最近では、三人で食卓を囲むことも多くなった。

「お魚キラーーーイ」

「ちゃんと食べなきゃダメだよ。栄養あるんだから」

「…………………」

好き嫌いの激しいメリーザちゃん。何とかして食べてもらおうと毎食、頭を悩ますナタリお母さん。

「お肉もキラーーーイ」

「少しでいいから食べようね。せっかく作ったんだから」

「………普段、何食ってんだよ(ボソッ)」

シュッ。

タッ!!

壁にフォークが突き刺さった。僕の頬を掠めて……。

「あっ、ぶな! 何すんだよ、危ないだろ!! だいたい、せっかく作ってもらった料理にさ、文句言い過ぎなんだよ。自分じゃ何も出来ないくせに」

「ぐっ、うっ、うるさい! このバカ。糞人間。お前なんか、ただのナタリのヒモじゃねぇか。偉そうなこと言うなっ!」

メリーザは、机をバンッ!!と叩くと家を飛び出した。

「…………なんだよ、アイツ」

ナタリは、倒れた茶碗を片付け、テーブルを拭いていた。僕とは目を合わさず、一言も発しなかった。

…………………………。
……………………。
………………。

深夜。なかなか眠ることが出来ず、寝返りばかり。とうとう耐えきれなくなり、アイスを買いにコンビニまで走った。

そのついでに、不審者がいないか空き地や公園を警備した。


「はぁ……ぁ………きっ…つ」

家を出て、小一時間が経過していた。
やっと隣町近くの児童公園。そのベンチに座り、星を数えている不審者……。いや、更に凶悪な少女を発見した。

静かに近づこうとしたら、落ちていた空き缶を蹴飛ばしてしまい、秒で気付かれた。

「ぁ………。さっきは、言い過ぎた。なんか。その…………。ごめん」

「………………」

「あのさ、家の鍵は開けとくから。だから。えっ……と。

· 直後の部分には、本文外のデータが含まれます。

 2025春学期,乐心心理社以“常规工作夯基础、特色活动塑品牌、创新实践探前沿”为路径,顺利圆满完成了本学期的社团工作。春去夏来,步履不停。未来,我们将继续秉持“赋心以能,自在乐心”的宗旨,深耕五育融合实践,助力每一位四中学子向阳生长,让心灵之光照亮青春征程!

好きな時に帰ってこいよ」

人違い、いや、悪魔違いかと思うほどしおらしい声がした。

「………お前が私に優しくするのは、ナタリのご機嫌取りの為?」

「違う。ただ、メリーザのことが心配だった。それだけ。この事にナタリは関係ない」

公園を去ろうと、歩き始めた僕の背中に豪快に飛び乗る悪魔。

「進めっっ! 我が奴隷よ」

「誰が奴隷じゃ」

「フフ……」

悪魔でも、人間みたいな温もりがあることが分かり、なぜか嬉しかった。いつの間にか、メリーザは僕の背中で寝てしまった。

「ゆる…し…て………」

この寝言は聞かなかったことにしよう。それよりも家まであと三十分。万一落としたら、殺される。
緊張とぬるい幸せが、入り乱れていた。


◆◆◆◆◆【探し物】◆◆◆◆◆

『名捨て禁止』と立て看板がある空き地に表札や運転免許、身分証が山のように捨てられていた。しかもパチパチとそれらが燃えている。その現場を見た私は、すぐに消防に連絡した。

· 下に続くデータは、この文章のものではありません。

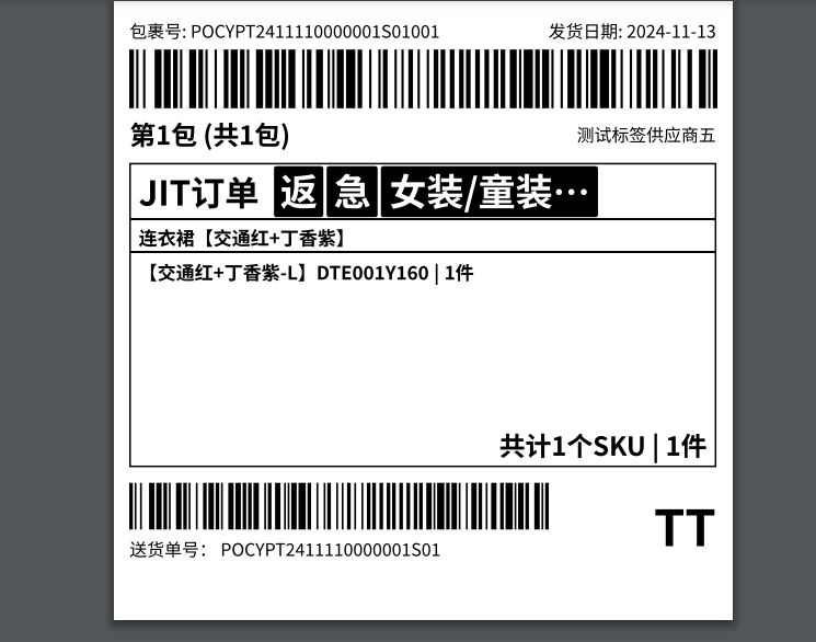 JIT备货单需要打紧急标贴在包裹上,可操作【打印JIT紧急标签】功能将紧急标打印出进行粘贴。

火をつけた犯人は意外にも私の近くにいて、左手にライターを持ち、笑いながら赤い炎を見つめていた。


「あの……」

「この場所には、選ばれた人間しか来れない。今は、私とお前」

「どうして……」

「どうして? この場所は過去を清算する場所だよ。アナタも忘れたい過去があるんじゃない? 誰にも言えない秘密が」

一度も私のことを見ようとしない。その端正な横顔は、この炎に憑かれているよう。

ため息一つ。
昔のことを思い出そうとすると酷い頭痛に襲われた。だから、高校以前の事はどうしても思い出せない。

……過去には、興味あるけど。



「その箱は何?」

「えっ!?」

女の細い指が私の胸をさしていた。……知らない小さな『箱』を持っていた。さっきまで、手ぶらだったのに。


この箱の中は?

重いし、臭い。血生臭い。


はぁ……………。


ぁ…………。

………。



何日も何日も逃げ続けた私は、疲れはて誰もいない空き地の草むらに座りこんだ。

長居するのは、危険。この場を去ろうとする私とは逆に、空き地に入ってくる女がいた。タバコを吸っている女が、私が落とした学生証に火をつけた。ニタニタ笑っている。見惚れるほどの美人なのに笑い方がとても下品で不快だった。

「過去をリセットした。もう逃げなくて良いよ。誰もお前を追わないし、犯人だと思わない。父親殺しの犯人だって、ね。ふふ。お前は、今から名無しとして生きるんだよ」

「………名…無し?」


………………………。
…………………。
……………。

澄んだ夜に優しく包まれていると、突然肩を叩かれた。背の高い男の消防隊員に声をかけられる。

「君が、連絡くれたの? 火事は、どこかな?」

「……私は」

自分が誰なのか、全く分からなかった。